__The data__
______

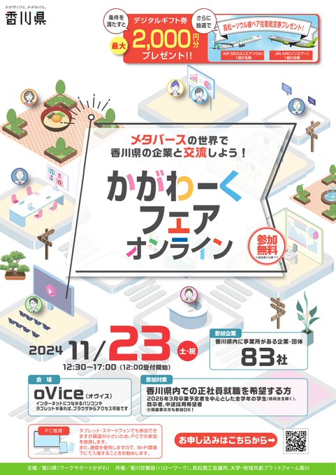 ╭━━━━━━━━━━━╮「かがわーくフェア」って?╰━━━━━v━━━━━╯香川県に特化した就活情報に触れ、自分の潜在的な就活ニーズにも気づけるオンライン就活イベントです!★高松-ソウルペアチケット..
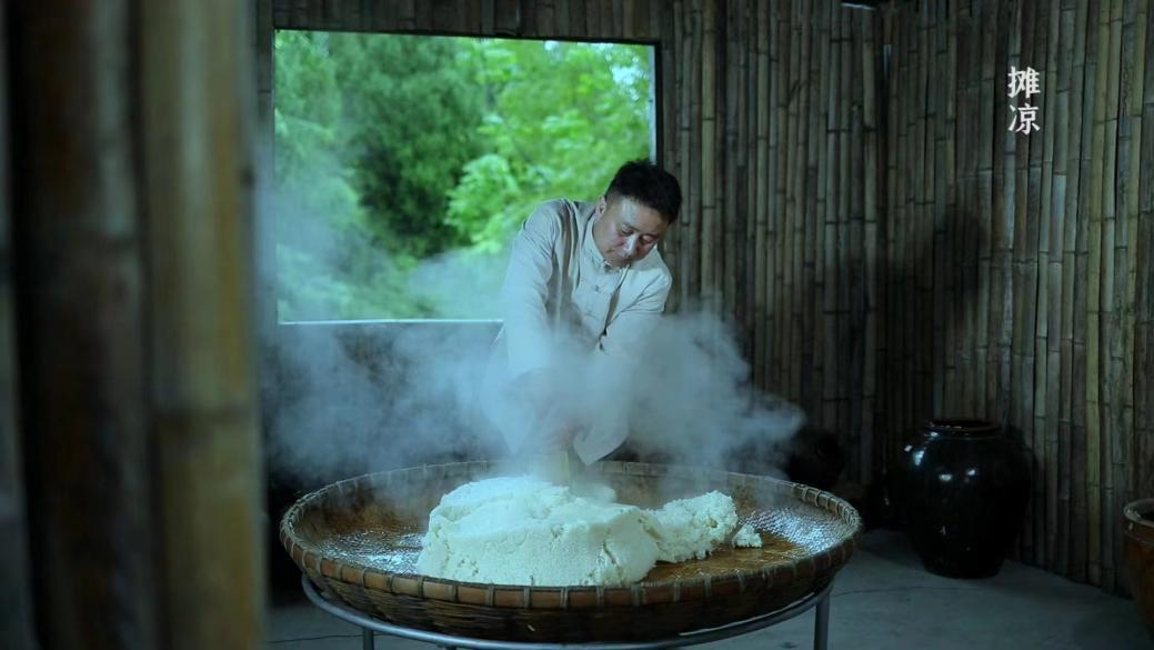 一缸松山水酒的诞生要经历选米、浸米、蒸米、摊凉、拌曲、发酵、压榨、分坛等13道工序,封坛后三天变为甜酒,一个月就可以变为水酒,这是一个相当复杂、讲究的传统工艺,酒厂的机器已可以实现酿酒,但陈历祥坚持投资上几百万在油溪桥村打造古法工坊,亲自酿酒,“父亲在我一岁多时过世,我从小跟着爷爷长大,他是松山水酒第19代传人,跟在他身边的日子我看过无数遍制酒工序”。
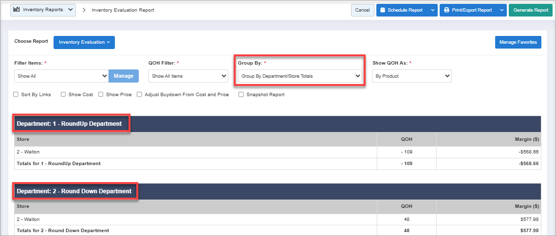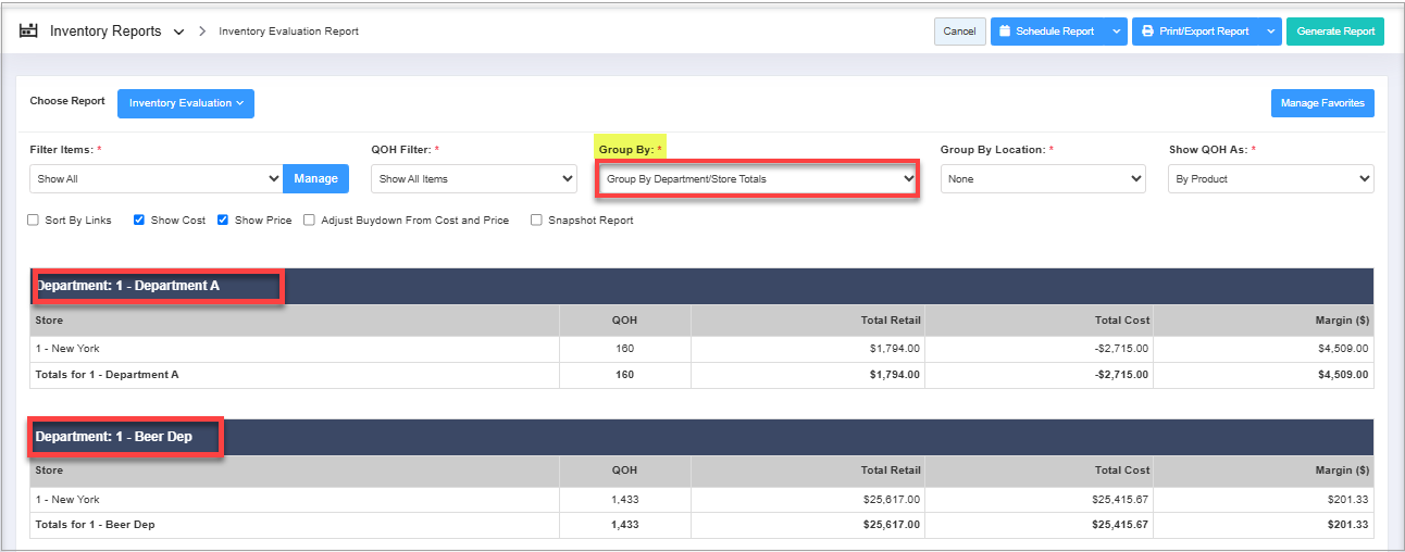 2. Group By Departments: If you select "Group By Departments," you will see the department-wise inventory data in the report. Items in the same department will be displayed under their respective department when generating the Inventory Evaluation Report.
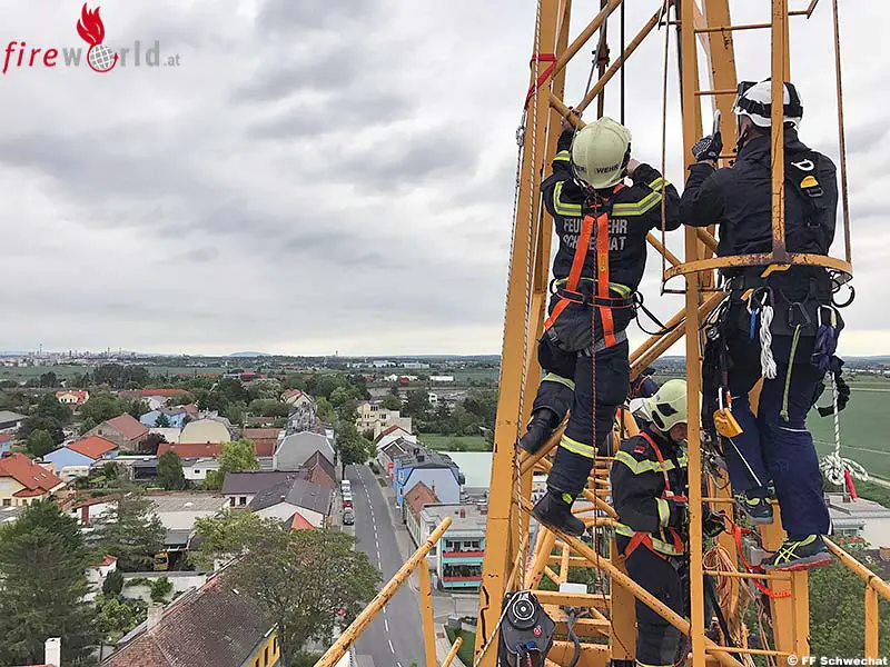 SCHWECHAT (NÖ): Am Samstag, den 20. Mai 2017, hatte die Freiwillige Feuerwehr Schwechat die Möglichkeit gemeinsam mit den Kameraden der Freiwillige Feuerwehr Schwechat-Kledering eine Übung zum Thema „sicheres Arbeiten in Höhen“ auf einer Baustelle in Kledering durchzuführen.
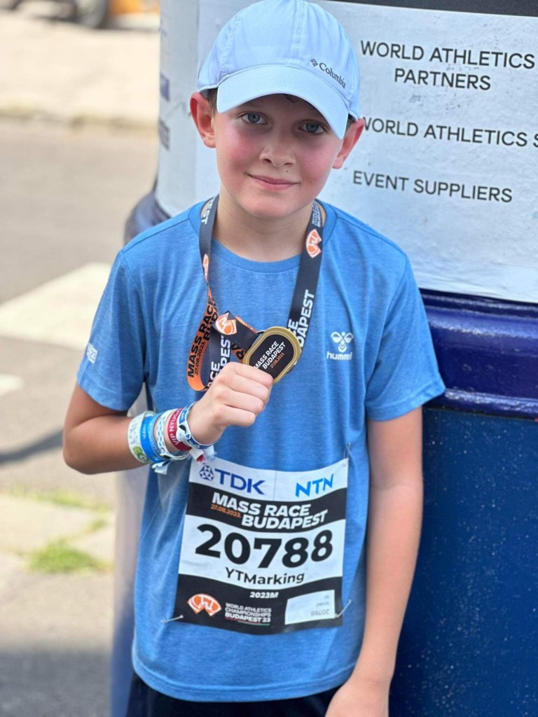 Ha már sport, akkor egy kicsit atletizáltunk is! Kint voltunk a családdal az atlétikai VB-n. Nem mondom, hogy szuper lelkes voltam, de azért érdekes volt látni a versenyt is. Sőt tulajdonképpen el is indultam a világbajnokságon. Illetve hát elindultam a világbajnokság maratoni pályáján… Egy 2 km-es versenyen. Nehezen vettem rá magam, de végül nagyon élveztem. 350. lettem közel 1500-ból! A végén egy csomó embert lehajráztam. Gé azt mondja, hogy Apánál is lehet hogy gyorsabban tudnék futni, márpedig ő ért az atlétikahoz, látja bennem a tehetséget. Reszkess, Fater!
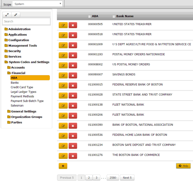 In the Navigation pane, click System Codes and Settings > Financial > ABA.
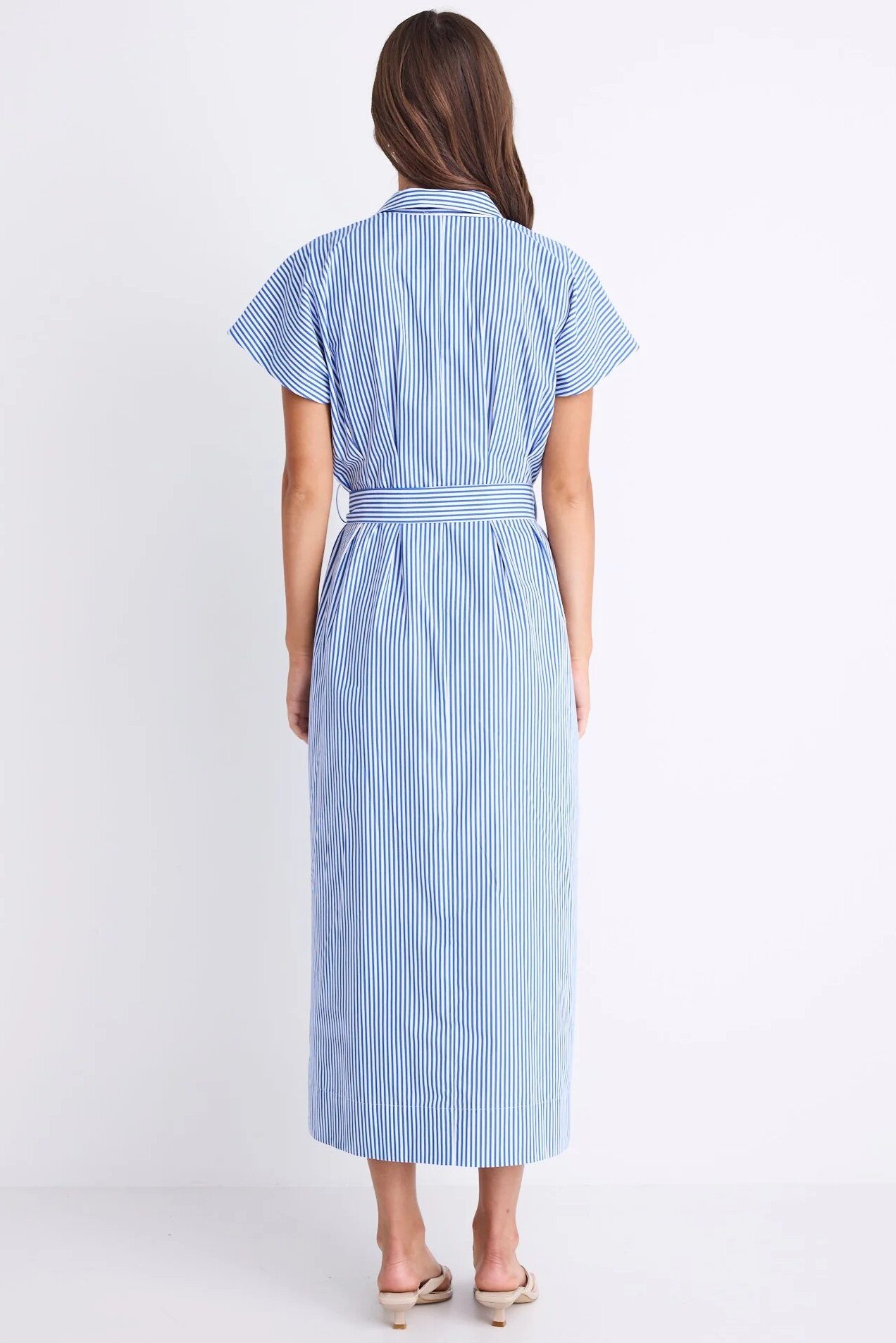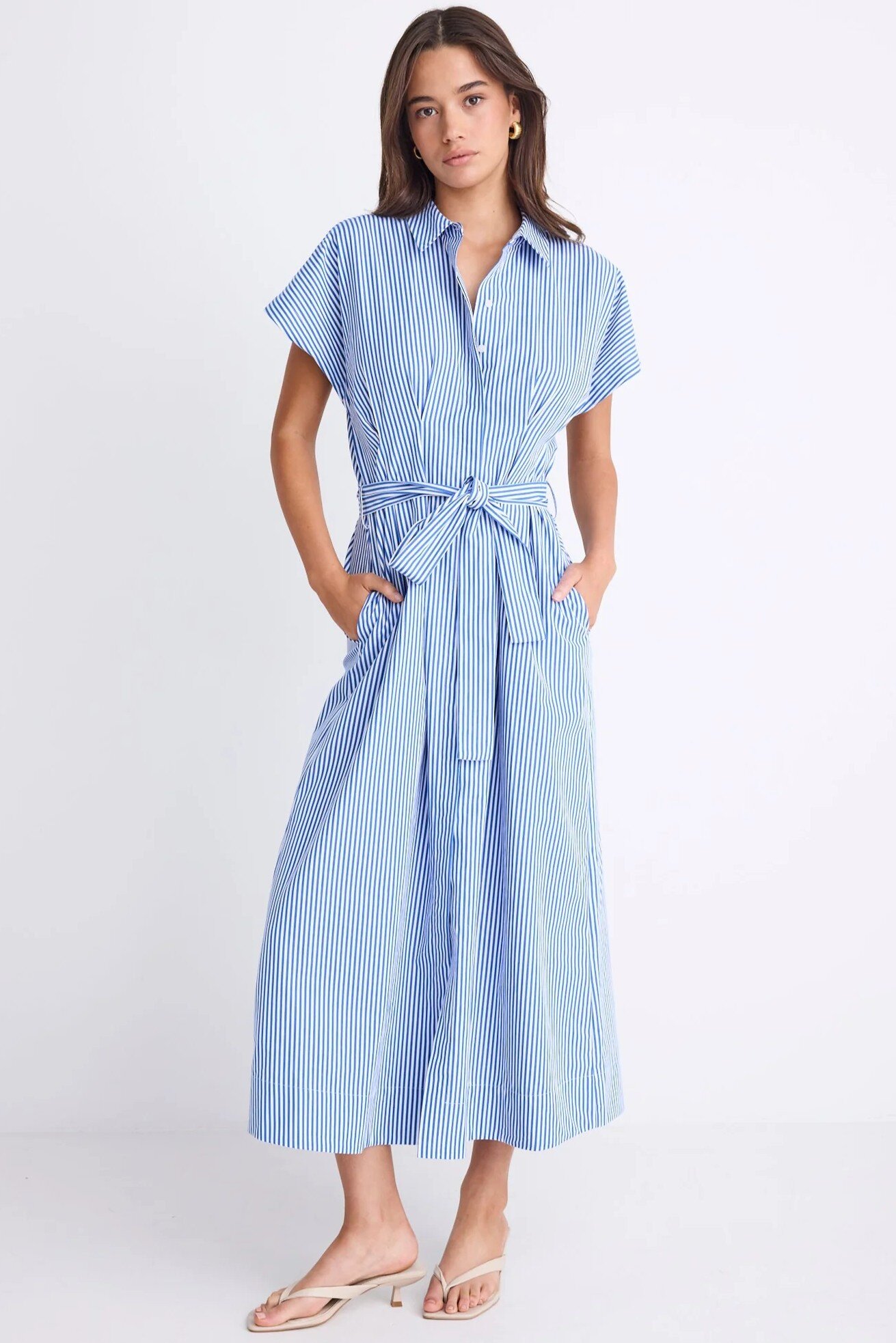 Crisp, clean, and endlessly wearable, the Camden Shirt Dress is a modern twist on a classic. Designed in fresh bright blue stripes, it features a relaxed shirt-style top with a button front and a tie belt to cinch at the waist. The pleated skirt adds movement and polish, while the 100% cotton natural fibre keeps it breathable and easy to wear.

______

__What is required__
Transcribe the listing verbatim, pictures excluded.

__Answer box__
 ╭━━━━━━━━━━━╮「かがわーくフェア」って?╰━━━━━v━━━━━╯香川県に特化した就活情報に触れ、自分の潜在的な就活ニーズにも気づけるオンライン就活イベントです!★高松-ソウルペアチケット..
 一缸松山水酒的诞生要经历选米、浸米、蒸米、摊凉、拌曲、发酵、压榨、分坛等13道工序,封坛后三天变为甜酒,一个月就可以变为水酒,这是一个相当复杂、讲究的传统工艺,酒厂的机器已可以实现酿酒,但陈历祥坚持投资上几百万在油溪桥村打造古法工坊,亲自酿酒,“父亲在我一岁多时过世,我从小跟着爷爷长大,他是松山水酒第19代传人,跟在他身边的日子我看过无数遍制酒工序”。
 2. Group By Departments: If you select "Group By Departments," you will see the department-wise inventory data in the report. Items in the same department will be displayed under their respective department when generating the Inventory Evaluation Report.
 SCHWECHAT (NÖ): Am Samstag, den 20. Mai 2017, hatte die Freiwillige Feuerwehr Schwechat die Möglichkeit gemeinsam mit den Kameraden der Freiwillige Feuerwehr Schwechat-Kledering eine Übung zum Thema „sicheres Arbeiten in Höhen“ auf einer Baustelle in Kledering durchzuführen.
 Ha már sport, akkor egy kicsit atletizáltunk is! Kint voltunk a családdal az atlétikai VB-n. Nem mondom, hogy szuper lelkes voltam, de azért érdekes volt látni a versenyt is. Sőt tulajdonképpen el is indultam a világbajnokságon. Illetve hát elindultam a világbajnokság maratoni pályáján… Egy 2 km-es versenyen. Nehezen vettem rá magam, de végül nagyon élveztem. 350. lettem közel 1500-ból! A végén egy csomó embert lehajráztam. Gé azt mondja, hogy Apánál is lehet hogy gyorsabban tudnék futni, márpedig ő ért az atlétikahoz, látja bennem a tehetséget. Reszkess, Fater!
 In the Navigation pane, click System Codes and Settings > Financial > ABA.
 Crisp, clean, and endlessly wearable, the Camden Shirt Dress is a modern twist on a classic. Designed in fresh bright blue stripes, it features a relaxed shirt-style top with a button front and a tie belt to cinch at the waist. The pleated skirt adds movement and polish, while the 100% cotton natural fibre keeps it breathable and easy to wear.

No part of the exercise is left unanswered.